Scottish suffragette (1879–1970)

Ellison Scotland Gibb (6 March 1879 – 1970) was a Scottish suffragette and chess player. She was an active member of the Women's Social and Political Union. In 1910, she was appointed as the honorary secretary of the Actresses' Franchise League in Glasgow. She was arrested and imprisoned on several occasions for her militant activity, and confronted both Churchill and Asquith to make the suffrage case. Her chess career included winning the Scottish Ladies Championship in 1907. and acting as President of the Glasgow Ladies Chess Club from 1921

== Family and life ==
Her father was Peter Walker Gibb, a fish merchant, and her mother was Margaret Skirving. Her mother was founder of the Glasgow Ladies Chess Club 1905 and president of the club until her death in 1918.
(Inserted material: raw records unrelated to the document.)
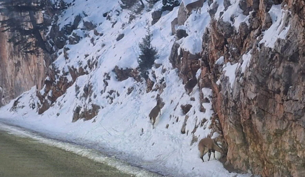 Konya ile Antalya sınırlarında bulunan Gidengelmez Dağları’nda, koruma altındaki yaban keçileri, yoğun kar yağışı nedeniyle yiyecek bulmakta güçlük çekince Seydişehir-Antalya kara yoluna kadar indi. Doğal yaşam alanlarından uzaklaşarak yol kenarına inen yaban keçileri, boş buldukları yeşil alanlarda bir süre beslenerek karınlarını doyurdu. Bu ilginç anı, bölgeden geçen sürücü Erol Şen cep telefonuyla kaydetti.
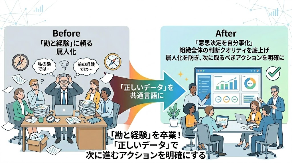 多くの現場では、日々の業務に追われる中で「勘と経験」に頼った従来の手法に固執し、データ分析から遠ざかってしまうケースが散見されます。しかし、整備された正しいデータを共通言語として全員で向き合うことで、属人化を防ぎ、次に取るべきアクションを明確にできるようになります。
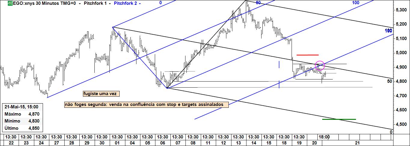 Não fiquei convencido. Fugiste a primeira vez, vou tentar apanhar-te numa próxima oportunidade. Os gráficos que seguem mostram o desenvolvimento dos acontecimentos. Agora é só fazer a gestão do risco e esperar que o preço se digne visitar a linha. E com este negócio se encerra a presente semana especulativa.
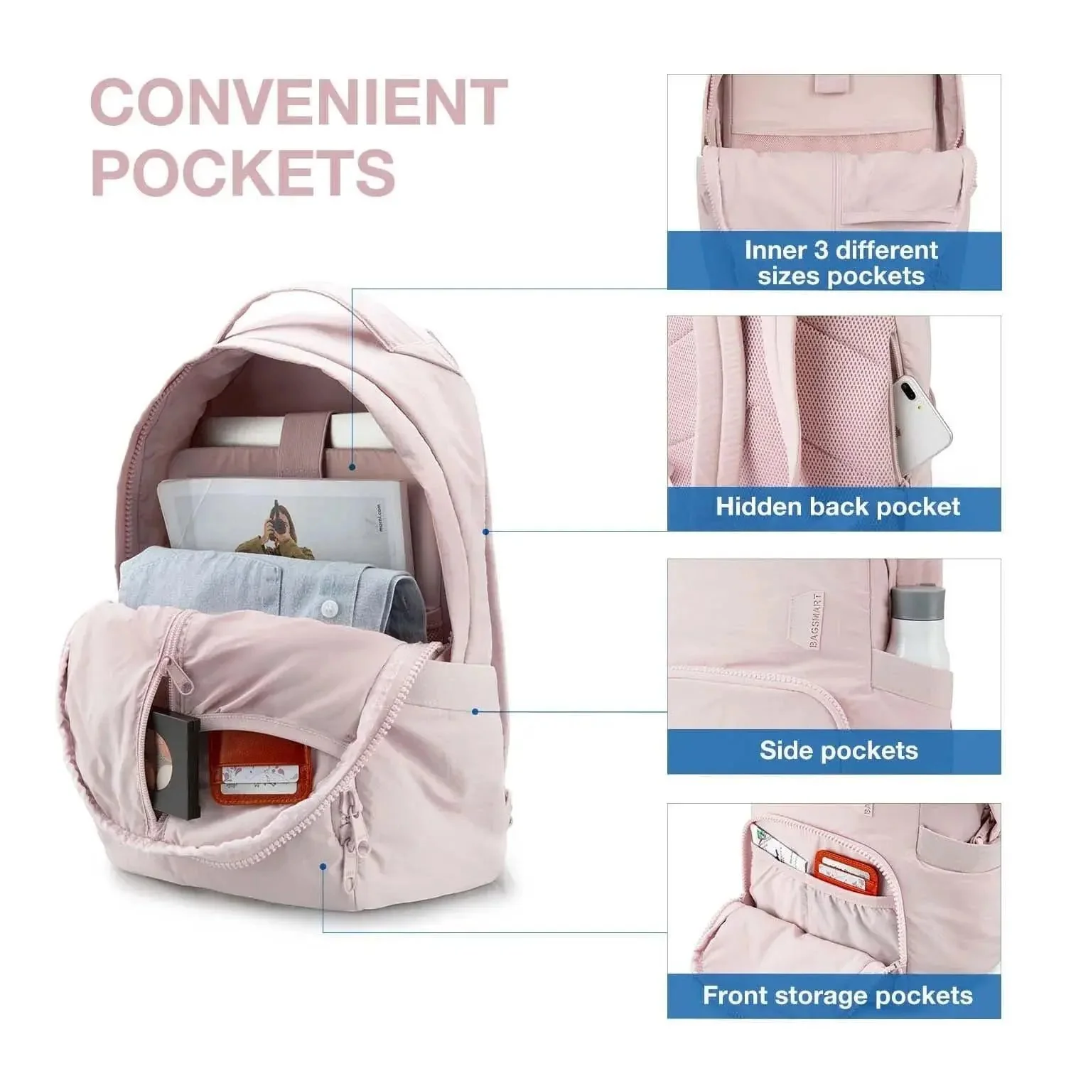 - ANTI-THEFT ZIPPER AND POCKETS: Keep your belongings safe with the anti-theft zipper and multiple pockets for umbrellas, water bottles, and small items.

She was one of six siblings, one of whom was fellow suffragette Margaret Skirving Gibb. She was a descendant of William Skirving, one of the five Scottish Martyrs for Liberty.
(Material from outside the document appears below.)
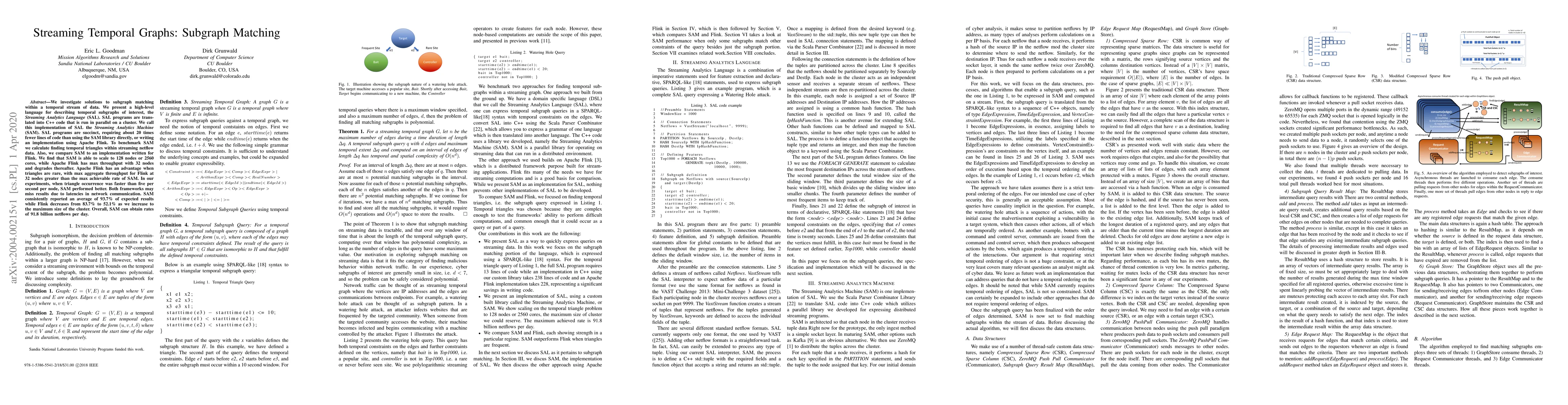 We investigate solutions to subgraph matching within a temporal stream of data. We present a high-level language for describing temporal subgraphs of interest, the Streaming Analytics Language (SAL). SAL programs are translated into C++ code that is run in parallel on a cluster. We call this implementation of SAL the Streaming Analytics Machine (SAM). SAL programs are succinct, requiring about 20 times fewer lines of code than using the SAM library directly, or writing an implementation using Apache Flink. To benchmark SAM we calculate finding temporal triangles within streaming netflow data. Also, we compare SAM to an implementation written for Flink. We find that SAM is able to scale to 128 nodes or 2560 cores, while Apache Flink has max throughput with 32 nodes and degrades thereafter. Apache Flink has an advantage when triangles are rare, with max aggregate throughput for Flink at 32 nodes greater than the max achievable rate of SAM. In our experiments, when triangle occurrence was faster than five per second per node, SAM performed better. Both frameworks may miss results due to latencies in network communication. SAM consistently reported an average of 93.7% of expected results while Flink decreases from 83.7% to 52.1% as we increase to the maximum size of the cluster. Overall, SAM can obtain rates of 91.8 billion netflows per day.
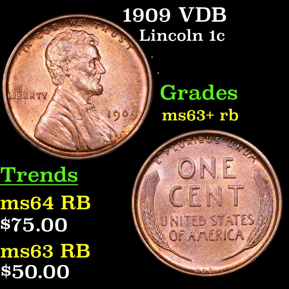 1909 VDB . . Lincoln Cent 1c Grades Select+ Unc RB. Always sought after date. Always popular.

She was born in Glasgow in 1879 and died in Ayr in 1970.

==Suffragette activism==

Gibb was an active member of the Women's Social and Political Union (1910) and of the Actresses' Franchise League in Glasgow, where she was the honorary secretary. In 1911 she refused to partake in the census, along with her mother and the rest of the family.

She was arrested on five occasions in London between 1910 and 1912., and once in Dundee She was imprisoned on several occasions, three times in Holloway, once in Aylesbury and once in Dundee. During one or more of these imprisonments (sources unclear whether Dundee or Perth prison), she participated in a hunger strike.

On 30 October she and Frances Parker smashed one window, and attempted to smash another in Dundee. In November 1910, she and eight other women were arrested for throwing stones at the premises of the Secretary of State for the Home Department.

In March 1912, she and Frances Parker sat next to Winston Churchill on a train from Stranraer to Glasgow, and asked him his opinion on votes for women and told him of the sufferings of women imprisoned in Holloway. Churchill described his experience with Gibb as "intolerable, disgusting, a nuisance, you are a low woman". In November 1912, she was assaulted by a man named Edwin Heath Smith while she was attempting to protest to Prime Minister H. H. Asquith in Ladybank, Cupar., and brought a successful legal case against him In 1913, she bought Sylvia Pankhurst's Cat and Mouse Act licence (sold in aid of Women's Social and Political Union funds for £100.

There are description and pictures of newspaper articles, prizes and medals on the Chess Scotland Gibb family page, which also shows the Hunger Strike medals awarded to both sisters .

==Chess career==
In 1907, Ellison Gibb won the Ladies' Minor tournament at the Scottish Ladies' Championship. In 1921, she drew against chess player, Blackburne when he visited the Glasgow Ladies' club on 26 October for a 14-boards simultaneous display. In the same year, she was appointed President of the Glasgow Ladies' Chess Club. She played in the Glasgow Ladies' team that reached the final of the 1922-23 season's Spens Cup.